• 10 de novembro de 2010

O governo não precisa recriar a Contribuição Provisória sobre Movimentação Financeira (CPMF) para fortalecer as finanças públicas. O tributo foi extinto em 2007, mas isso não impediu que, nos anos seguintes, a arrecadação federal continuasse crescendo em ritmo forte. A perda da CPMF, que em seu último ano de vigência recolheu quase R$ 40 bilhões aos cofres públicos, também não fez Brasília conter a acelerada expansão dos gastos.

Em 2008, o primeiro ano sem CPMF, o governo federal arrecadou R$ 675,3 bilhões (em valores de dezembro daquele ano). No último trimestre do ano, o Brasil foi fortemente atingido pela crise financeira mundial e a economia praticamente parou. Ainda assim, o governo arrecadou, em termos reais (já considerado o efeito da inflação), R$ 43 bilhões a mais do que conseguira em 2007 (ver tabela).

Aquele resultado, expressão de um crescimento real de 6,81%, mais do que compensou a perda da CPMF. Lembre-se que, na ocasião, o governo aumentou a alíquota do Imposto sobre Operações Financeiras (IOF), arrecadando, em 2008, 145,6% a mais com esse tributo do que havia feito no ano anterior.

Em 2009, por causa da crise mundial, a arrecadação total da União recuou 3,05% em relação a 2008. Em 2010, no entanto, com o Produto Interno Bruto (PIB) voltando a crescer de forma robusta, a máquina arrecadadora tornou a bater recordes de recolhimento de impostos - de janeiro a setembro, as receitas cresceram 12,23%, em termos reais, ou R$ 60,8 bilhões a mais do que no mesmo período de 2009.

A economia brasileira deve crescer 7,5% este ano, segundo projeção do Ministério da Fazenda. É bem provável que, apesar da piora no cenário internacional, o PIB siga crescendo em ritmo acelerado em 2011 e, possivelmente, nos anos seguintes. As expectativas oficiais e de mercado apontam para uma expansão anual média entre 4,5% e 5% nesse período. Esta tem sido a média desde 2007, com a exceção justificada de 2009, por causa dos efeitos da crise internacional (naquele ano, o PIB encolheu 0,2%).

Como o sistema tributário brasileiro é pró-cíclico, é razoável supor que as receitas continuarão crescendo de maneira vigorosa nos próximos meses e anos. Nesse contexto, fica difícil para o novo governo justificar a proposta de recriação da CPMF. Durante a campanha, a presidente eleita, Dilma Rousseff, rejeitou essa possibilidade, mas, agora, admite negociá-la. Se fizer isso, certamente gastará, já no início do seu mandato, parte do capital político que recebeu das urnas.
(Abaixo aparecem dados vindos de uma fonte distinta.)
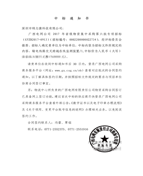 特力康中標(biāo)國網(wǎng)黑龍江送變電工程公司的2024年度第18次物資類競爭性談判采購項目——慶陽驅(qū)鳥器物資框 特力康中標(biāo)國網(wǎng)甘肅省電力公司省管產(chǎn)業(yè)單位2024年第五次物資競爭性談判授權(quán)采購項目 中標(biāo)喜訊:深圳市特力康科技有限公司成功入圍許繼集團(tuán)綜合能源公司輸電線路視頻在線監(jiān)測裝置模塊集采項目 中標(biāo)喜訊:特力康成功中標(biāo)國網(wǎng)重慶市電力公司渝中一片區(qū)項目 特力康成功中標(biāo)國網(wǎng)天津市電力公司2024年第二次?物?資招標(biāo)項目 特力康中標(biāo)國網(wǎng)安徽省電力有限公司蕪湖供電公司2024年3月非物質(zhì)采購項目 精準(zhǔn)捕捉 “微氣象”:浙江電力用特力康預(yù)警系統(tǒng)筑牢電網(wǎng)氣候防線 守護(hù) “電力咽喉”:湖南電力投用百套特力康三跨 4G 監(jiān)控球,筑牢安全防線 貴州電力裝特力康電網(wǎng)架空線路覆冰監(jiān)測系統(tǒng),精準(zhǔn)防冰保電網(wǎng)過冬? 百套落地山西電網(wǎng)!特力康輕量化輸電架空線路監(jiān)拍裝置,筑牢輸電安全網(wǎng) 破解采空區(qū)隱患:山西電力裝特力康通用型監(jiān)測裝置,守鐵塔穩(wěn)運行 四川電力用特力康架空輸電線路山火監(jiān)測裝置,筑牢林區(qū)輸電 “防火墻”? 遼寧電力啟用特力康多視角監(jiān)拍裝置,全維度守護(hù)輸電安全? 破解黃土高原沉降難題:山西電力用特力康北斗裝置守桿塔安全? 寧夏配電線路安裝了我司防外破電子化智能警示牌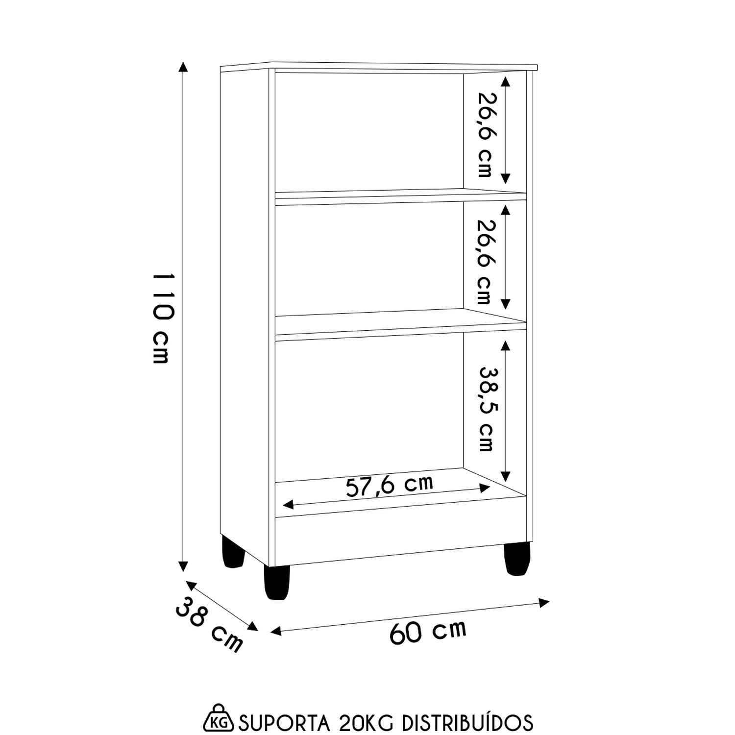 Peso Suportado: 20 Kg distribuídos.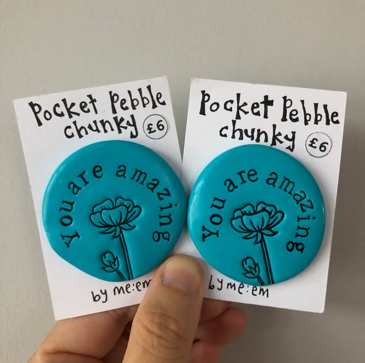 Made with four times as much clay, with larger text, these lovely large style pebbles are perfect for younger, older or hands of any age in between, to hold and treasure. I have included an image of a chunky pebble alongside the standard size for comparison.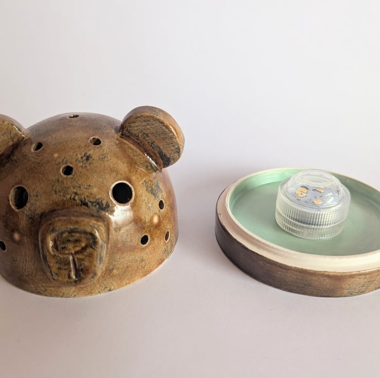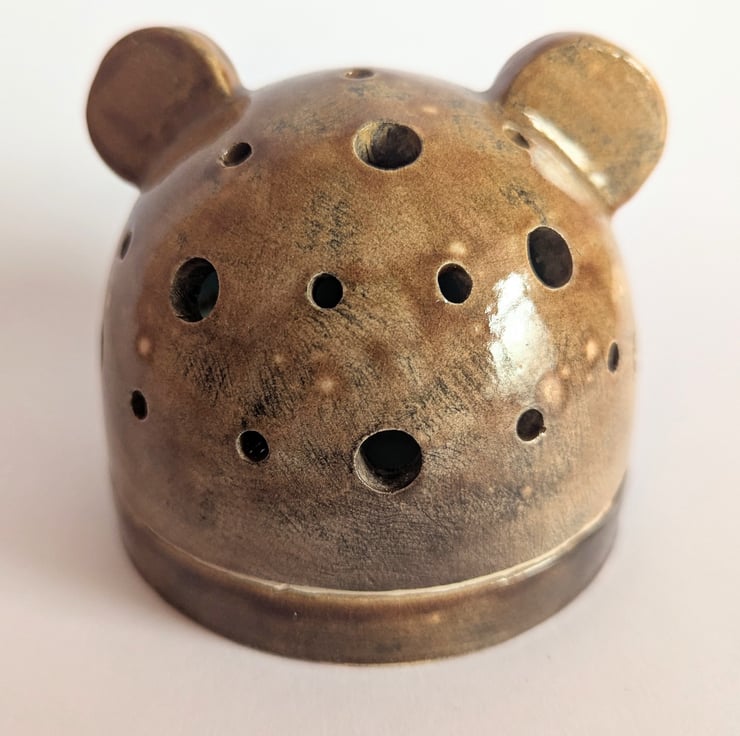These bear head tealight holders were a really fun experiment and learning curve in my ceramics journey. I had an image in my head and these are the result. I used a lot of techniques I hadn't tried before and had a lot of fun making them.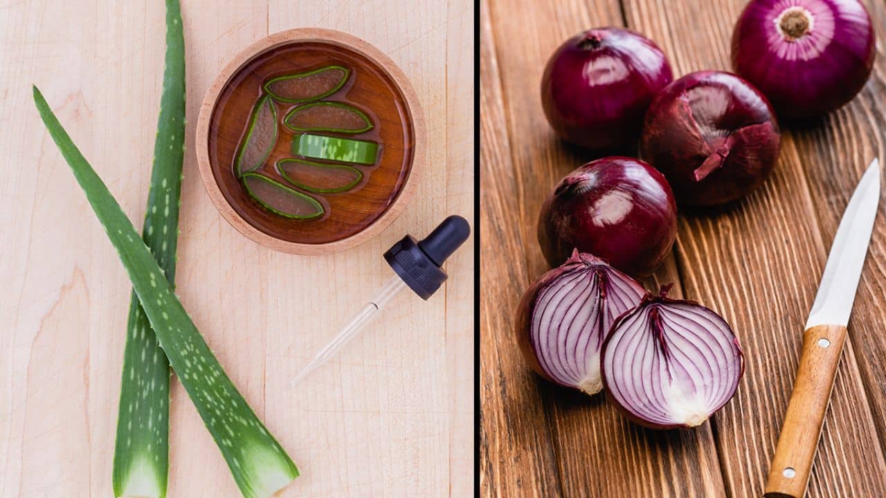 ২ থেকে ৩ চামচ পেঁয়াজের রস নিন। এতে এক টেবিল চামচ অ্যালোভেরা জেল দিন। এবার এটিকে ভাল করে ধুয়ে মাথায় লাগিয়ে ১ ঘণ্টা মত রাখুন। এর পর হালকা শ্যাম্পু দিয়ে পরিষ্কার করুন। সপ্তাহে এক বা দুইবার এই পেস্ট ব্যবহার করলে চুল মজবুত ও সুন্দর হবে।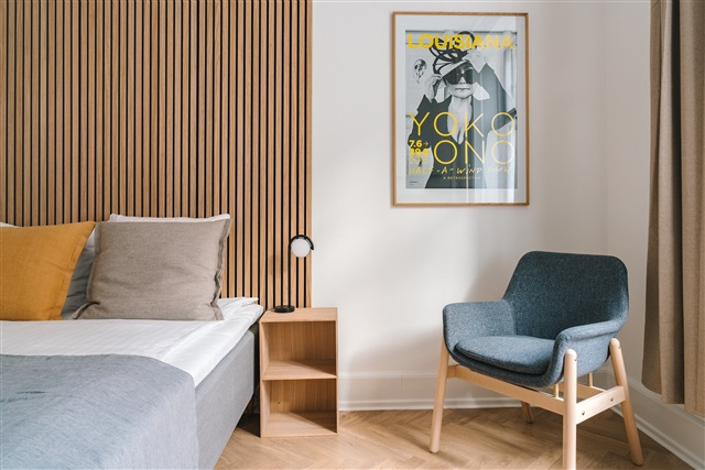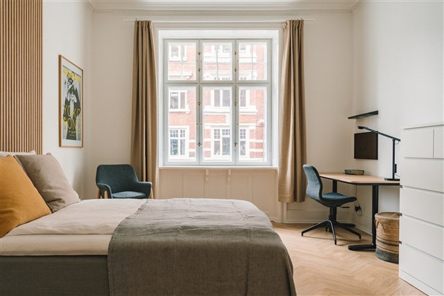 This classy city centre home consists of five spacious single rooms, two shared bathrooms and one open kitchen with a cozy lounge area. The apartment is located on the 1st floor of a monumental building and is in the same building as our popular Loft, Blox and Vestervold apartments. All bedrooms have big windows on the quiet sidestreet called 'Christiansborggade'. A cosy coffeebar on the ground floor of the building opened in the summer of 2020, where there is seating outside to enjoy a ray of sunshine and some good company. The apartment is a stone throw away from the canal, where you can swim in summer, and around the corner of Tivoli, BLOX and the Royal Library. The new metro line which runs all around the city centre and the main station are a 10 min walk away.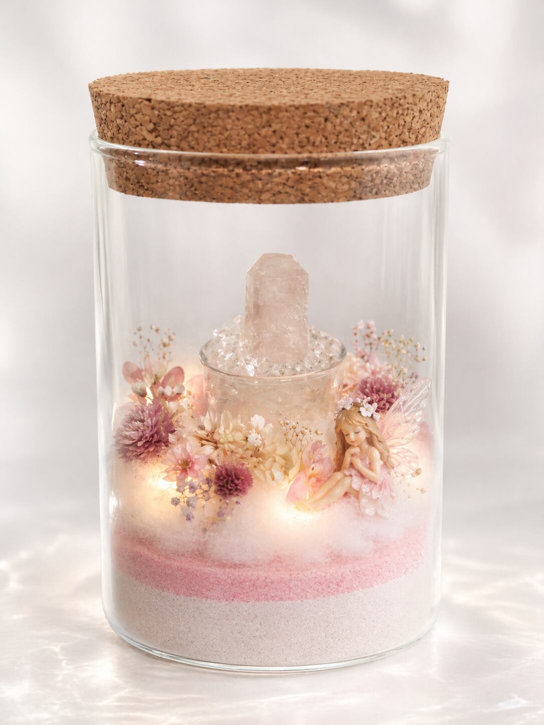 フタ付きグラスに、やさしい色合いのカラーサンド、クリヤクオーツ、やわらかな灯りを包む綿、小ぶりのドライフラワー、そして妖精を添えて、幻想的な小さな庭を仕上げます。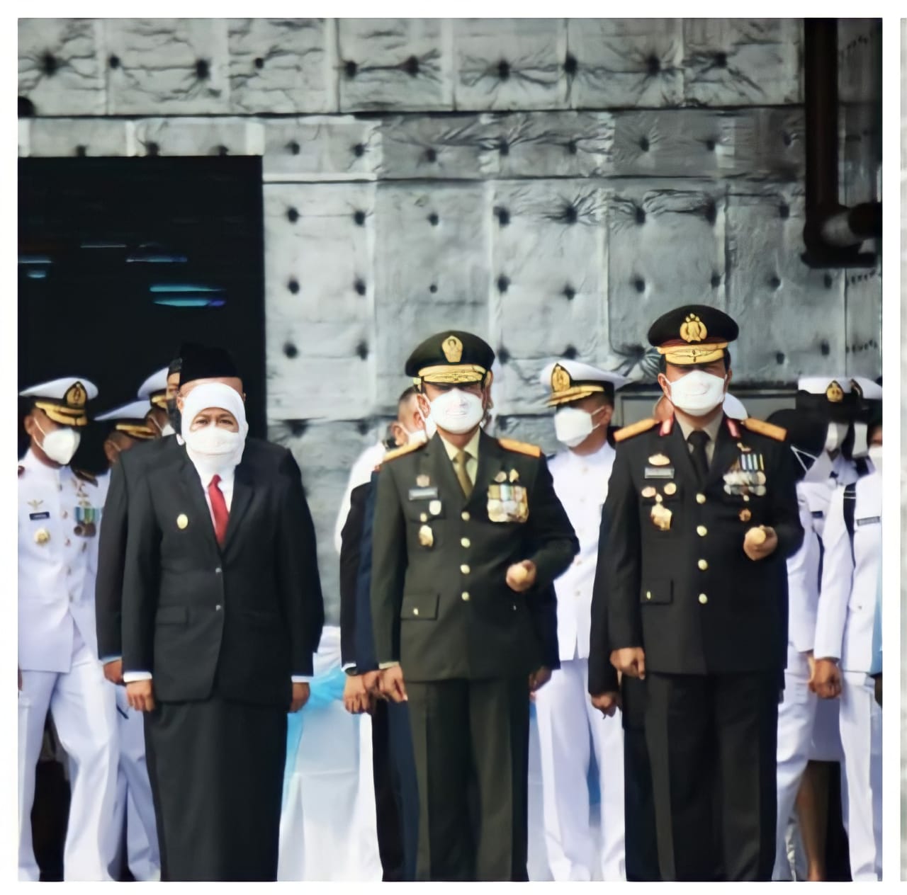 Surabaya – Forkopimda Jatim mengikuti pelaksanaan Upacara Tabur Bunga memperingati Hari Dharma Samudera di Hanggar Heli KRI dr.Wahidin Sudirohusodo-991, pada Sabtu, (15/1/2022).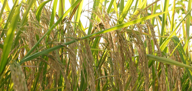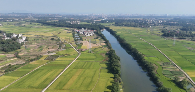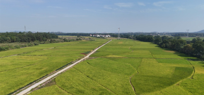 在寿雁镇高枧村万亩粮食示范片,从空中俯瞰,连片的稻田形成了迷人的“稻海”,金黄的稻田与青山、小路、村庄相映成趣,勾勒出一幅丰收的喜人画卷。微风拂过,金黄色的稻穗随风飘舞,掀起层层稻浪,美不胜收。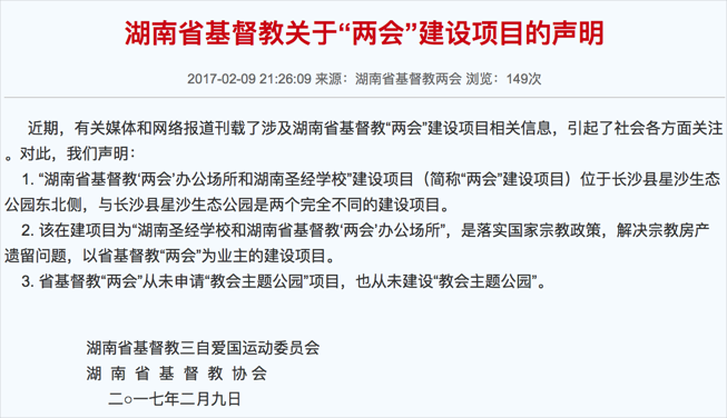 针对近期在网络上出现的有关“中南地区最大教会主题公园”的报道和评论,湖南基督教两会昨晚通过其官网发布了一份回应声明,称湖南省基督教“两会”从未申请“教会主题公园”项目,也从未建设“教会主题公园”。

Quando o Congresso rejeitou a prorrogação da CPMF, o governo Lula tinha duas alternativas para compensar a perda do tributo: aumentar alíquotas de outros impostos ou cortar gastos para adequar o orçamento à nova realidade. Sem pestanejar, optou pela primeira e fez o oposto do recomendável em relação à segunda. Seguiu o caminho mais fácil do ponto de vista político.

Dados do Tesouro Nacional mostram que em 2008, o ano em que já não podia contar com o dinheiro da CPMF, o governo aumentou o gasto com pessoal em mais de R$ 14 bilhões - infelizmente, o Tesouro divulga seus valores em termos nominais; uma atualização monetária mostraria números mais polpudos. Naquele mesmo ano, a despesa previdenciária também cresceu R$ 14 bilhões.

Em 2009, ano de crise e de recessão no Brasil, o governo não se constrangeu em novamente aumentar a despesa de pessoal, e desta vez de maneira mais generosa - o dispêndio cresceu R$ 21 bilhões. O gasto com a Previdência Social também teve outro salto - de R$ 25 bilhões. Em 2010, até setembro, pessoal já havia crescido R$ 10 bilhões em relação a 2009 e Previdência, R$ 22 bilhões.

É importante lembrar que, apesar dos méritos do Programa de Aceleração do Crescimento (PAC), a evolução do investimento público federal no período mencionado foi tímida. Entre 2007 e 2009, segundo dados do Ministério da Fazenda, o salto dessa despesa foi de apenas 0,3% do PIB (pouco mais de R$ 10 bilhões).

Quanto mais o governo mostra disposição para gastar, menor é a propensão da sociedade em aceitar a criação de novos impostos. A carga tributária do Brasil já é a maior do mundo em desenvolvimento e a queda da CPMF refletiu justamente o esgotamento dos brasileiros com essa situação. Se o Estado pelo menos oferecesse, em troca, serviços compatíveis com o volume de impostos cobrados.